Suppression of the dimerization of the viologen radical cation by cucurbit[7]uril ( CB7 ) in water is a well‐known phenomenon. Herein, two counter‐examples are presented. Two viologen‐containing thread molecules were designed, synthesized, and thoroughly characterized by 1 H DOSY NMR spectrometry, UV/Vis absorption spectrophotometry, square‐wave voltammetry, and chronocoulometry: BV 4+ , which contains two viologen subunits, and HV 12+ , which contains six. In both threads, the viologen subunits are covalently bonded to a hexavalent phosphazene core. The corresponding [3]‐ and [7]pseudorotaxanes that form on complexation with CB7 , that is, BV 4+ ⊂( CB 7) 2 and HV 12+ ⊂( CB 7) 6 , were also analyzed. The properties of two monomeric control threads, namely, methyl viologen ( MV 2+ ) and benzyl methyl viologen ( BMV 2+ ), as well as their [2]pseudorotaxane complexes with CB7 ( MV 2+ ⊂ CB7 and BMV 2+ ⊂ CB7 ) were also investigated.
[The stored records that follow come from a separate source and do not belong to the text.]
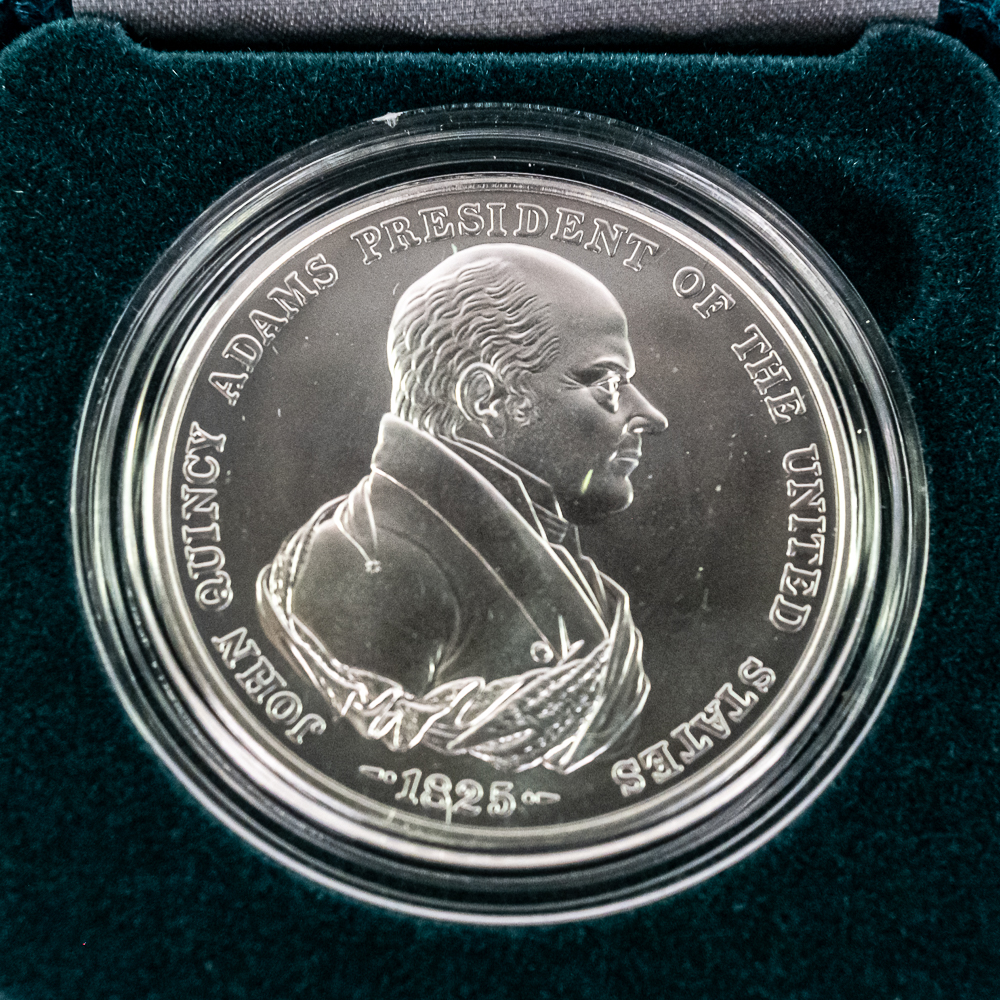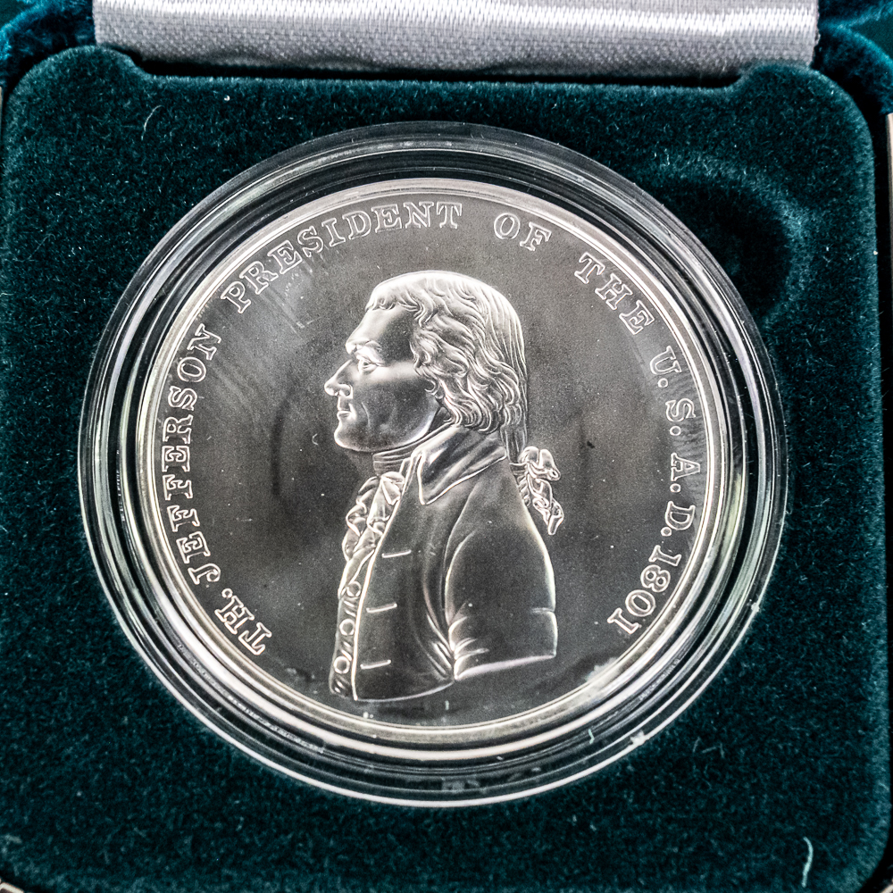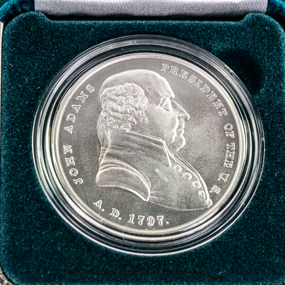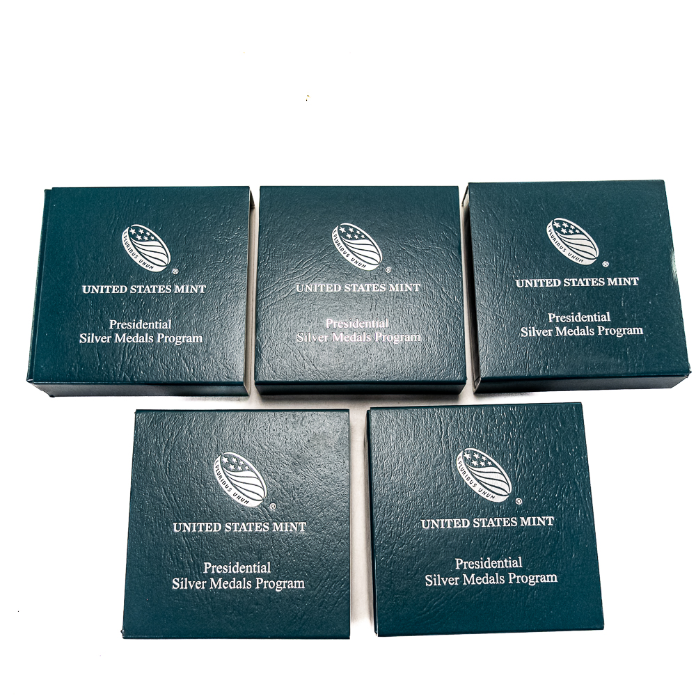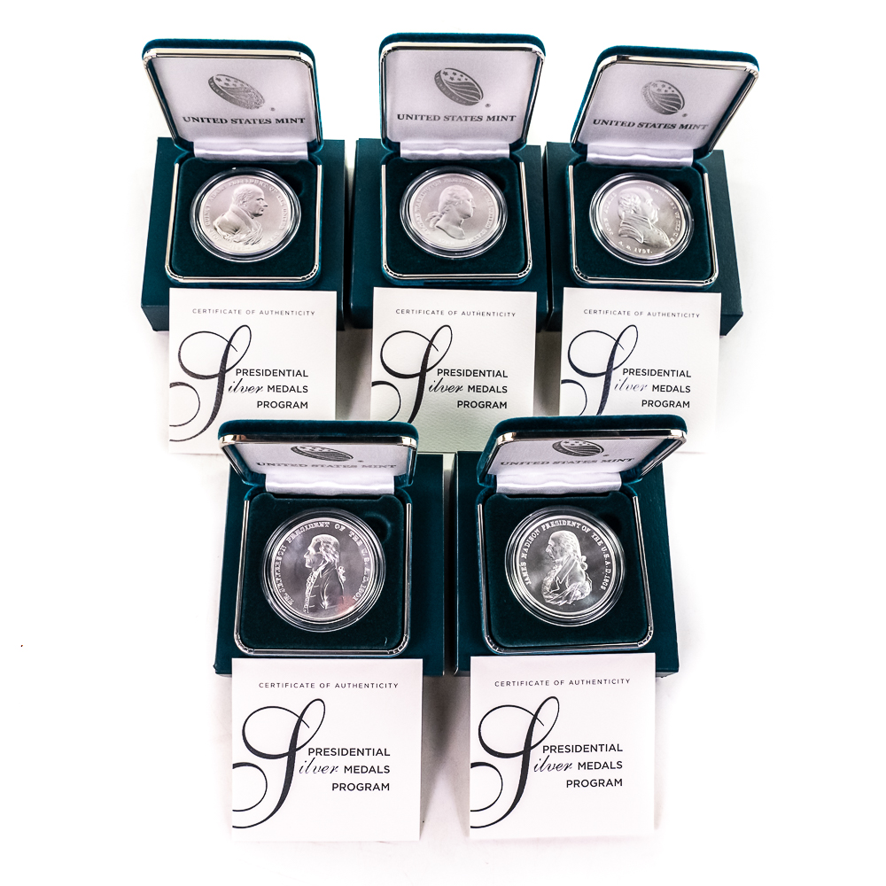 Collection of (5) assorted United States Mint Presidential Silver Medals including George Washington, John Adams, John Quincy Adams,Thomas Jefferson & James Madison uncirculated Commemorative Silver Medals; each still showcased inside original governmental packaging. Perfect addition to your collection, please use photos to judge condition and bid accordingly.
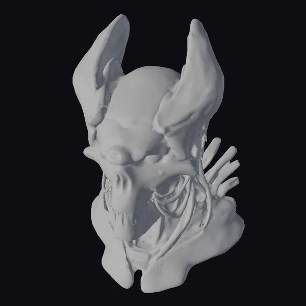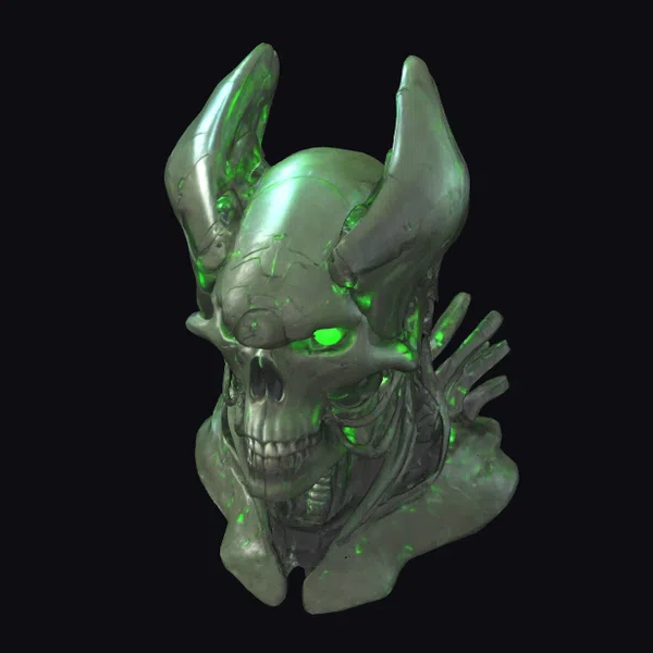 This intricately detailed skull bust is posed in a way that seems to emerge from the shadows, its green neon glow casting an eerie light on the surrounding environment. The metallic texture, complete with visible cracks and seams, adds a layer of realism to the fantastical design. The skull’s eyes and scattered green accents throughout the model pulse with a vibrant, almost malevolent energy. Ideal for use in games, 3D printing, VR/AR experiences, animation projects, or as a striking piece of digital art. The model’s unique blend of horror and sci-fi elements makes it a versatile asset for various creative projects.
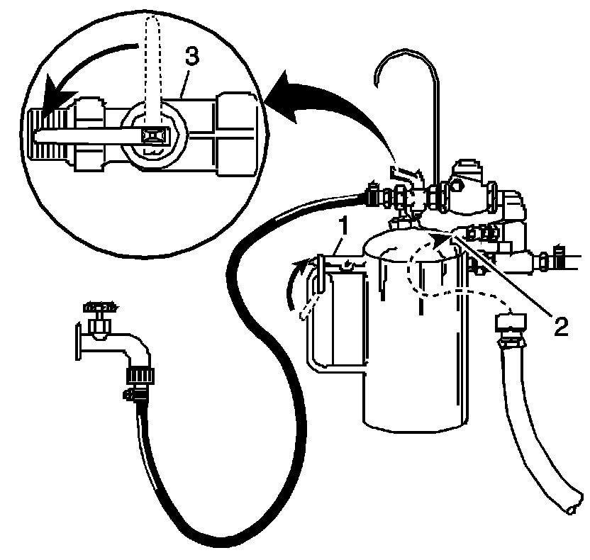 6. Turn the J 35944-A water supply valve (3) to the OFF position and clip the discharge hose onto a 19 liter (5 gallon) pail with a lid, to avoid splashback.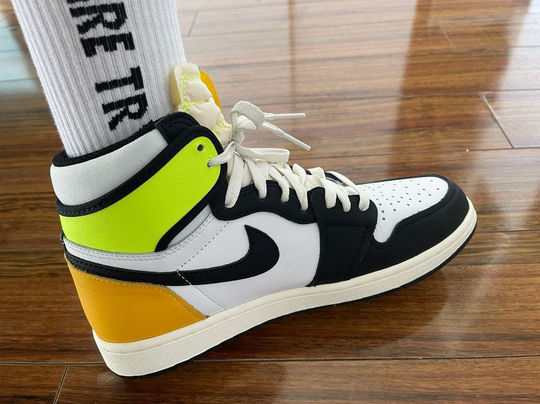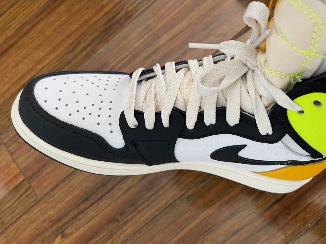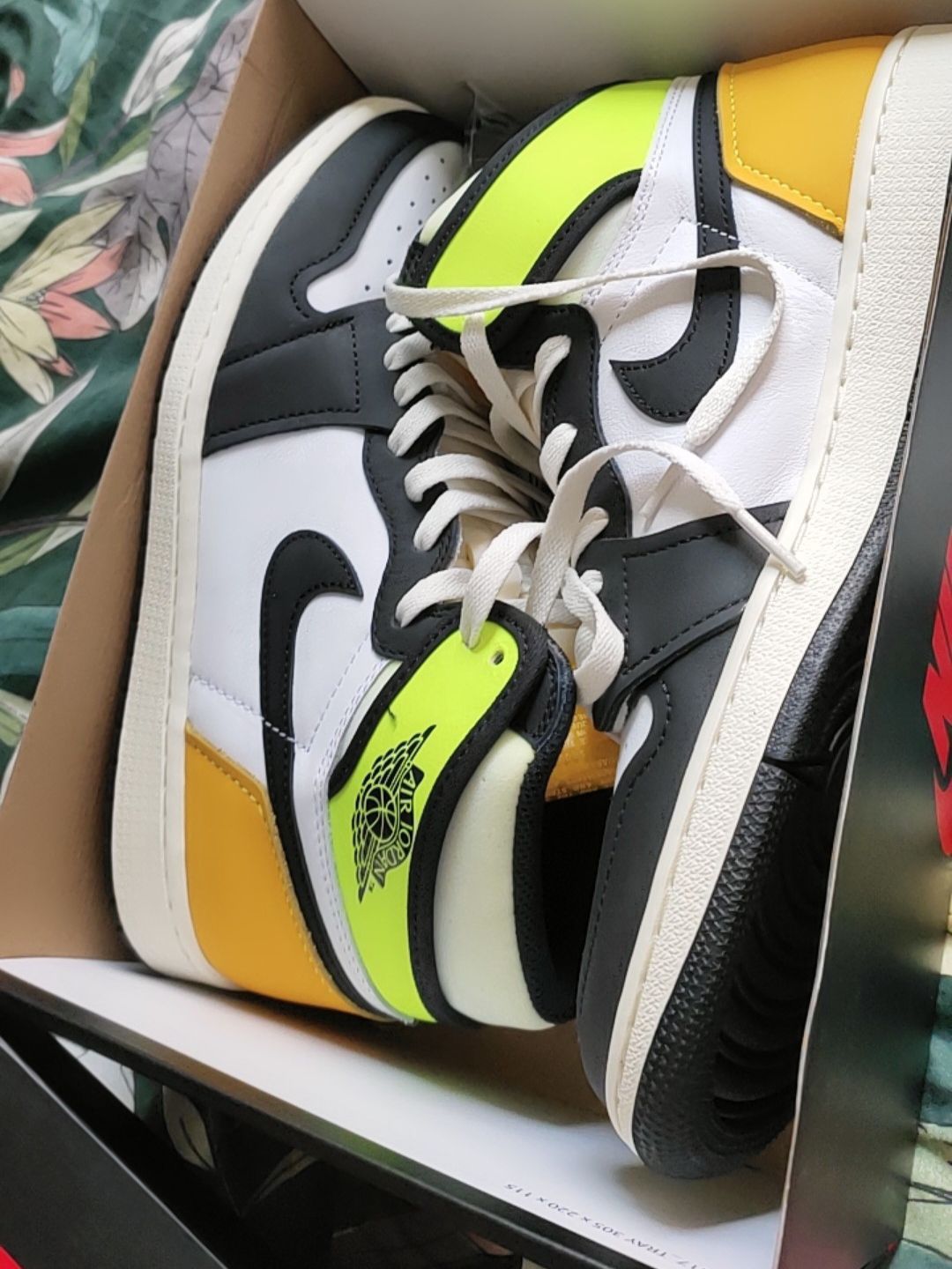 👟球鞋名称:Air Jordan 1 潮流复古 耐磨防滑 缓震透气 时尚休闲 板鞋 Volt Gold 高帮/黄橙脚趾 🔍分享理由:鞋身整体以白色为主,配以黑脚趾的经典设计和黑色 Swoosh,鞋底同样选用黑色。后跟入黄色以及荧光黄色,配色十分抢眼。后跟和鞋帮处分别采用了橙色和亮黄色,视觉冲击力极强。细节方面最大亮点在于鞋舌标签以反转形式呈现,可谓相当少见。并且采用了塑料贴布标签,设计新颖,极为...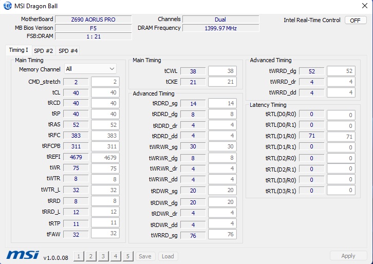 Добавлено спустя 7 часов 50 минут 49 секунд: Изучил скриншоты от Сергея. MSI dragonball и Asus memtweak показывают одинаковые тайминги, от установленных в биосе отличаются WTRS и WTRL, программы их считают по-своему и с ошибкой.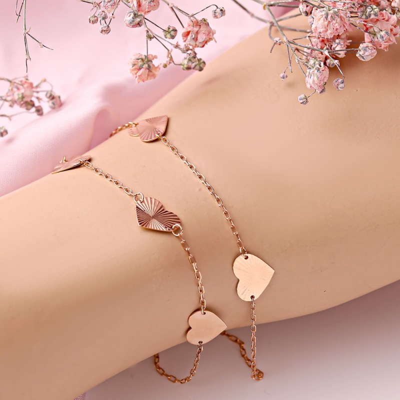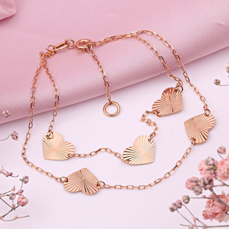 Очаровательный, исключительно красивый браслет из российского красного золота 585 пробы, украшенный зеркальными сердечками с одной стороны и бриллиантами с другой, на двойной цепочке из якорной оплетки. Красота, роскошь и ничего больше! Такой браслет прекрасно украсит руку и подчеркнет ее элегантность, дополняя образ и придавая ему шарм, женственность и изысканность!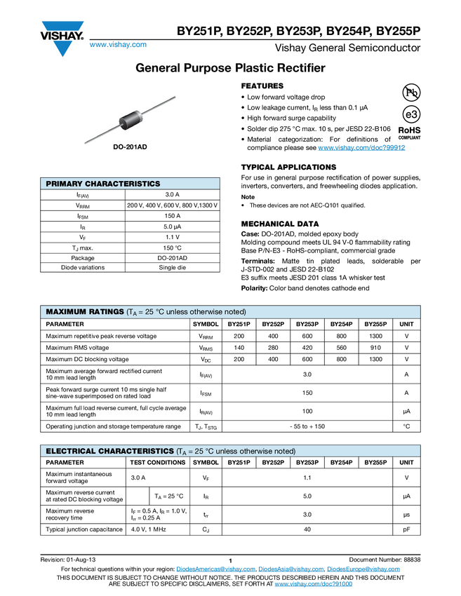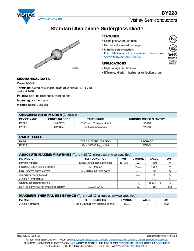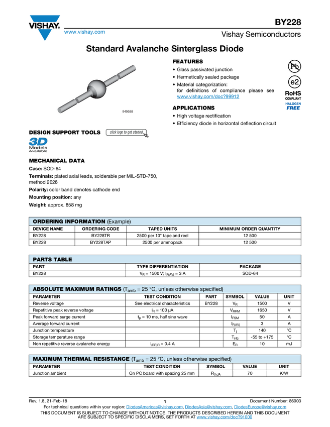 Dioda; prostownicza; BY228TAP; 3A; 1500V; SOD64; THT; VISHAY; RoHS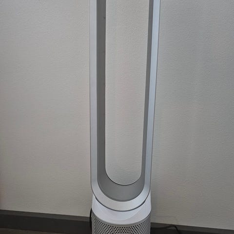 Dyson ilmanpuhdistava tornituuletin valkoisen ja harmaan sävyissä. Laitteessa on rengasmainen, lapaton puhallinosa ja sylinterimäinen alaosa, jossa on ilmanpuhdistukseen tarkoitettu suodatinosa. Soveltuu huoneilman kierrättämiseen ja suodattamiseen sisätiloissa. Virtajohto kytketään tavalliseen pistorasiaan. Tarkemmat tekniset tiedot, kuten malli, teho ja suodattimen tyyppi, löytyvät laitteen pohjassa olevasta tyyppikilvestä tai valmistajan ohjeista.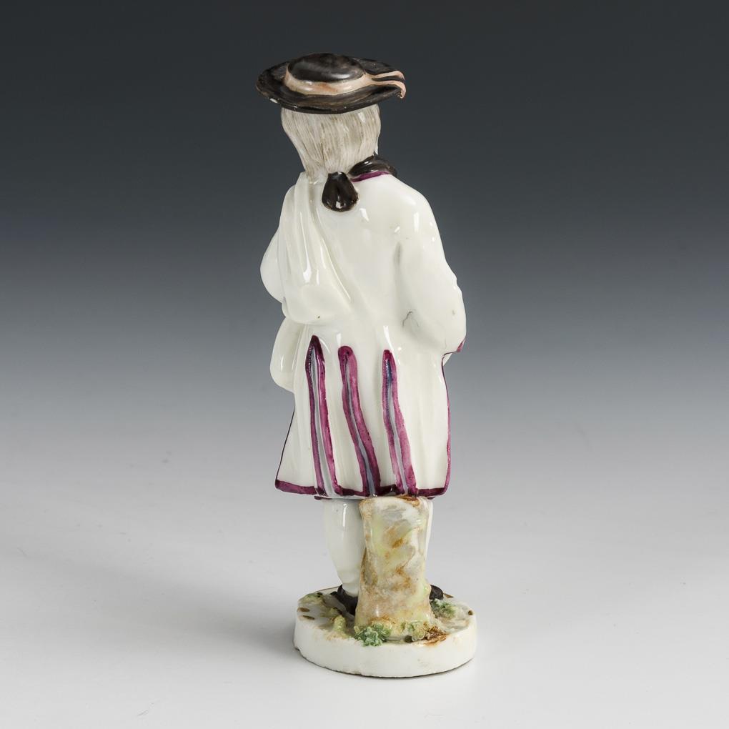 Standing boy in traditional costume with hat. Minimal bumps on the stand, minimal gold wear.

As expected, the control pseudorotaxanes remained intact after one‐electron reduction of their viologen‐recognition stations. In contrast, analogous reduction of BV 4+ ⊂( CB 7) 2 and HV 12+ ⊂( CB 7) 6 led to host–guest decomplexation and release of the free threads BV 2( . +) and HV 6( . +) , respectively. 1 H DOSY NMR spectrometric and chronocoulometric measurements showed that BV 2( . +) and HV 6( . +) have larger diffusion coefficients than the corresponding [3]‐ and [7]pseudorotaxanes, and UV/Vis absorption studies provided evidence for intramolecular radical‐cation dimerization. These results demonstrate that radical‐cation dimerization, a relatively weak interaction, can be used as a driving force in novel molecular switches.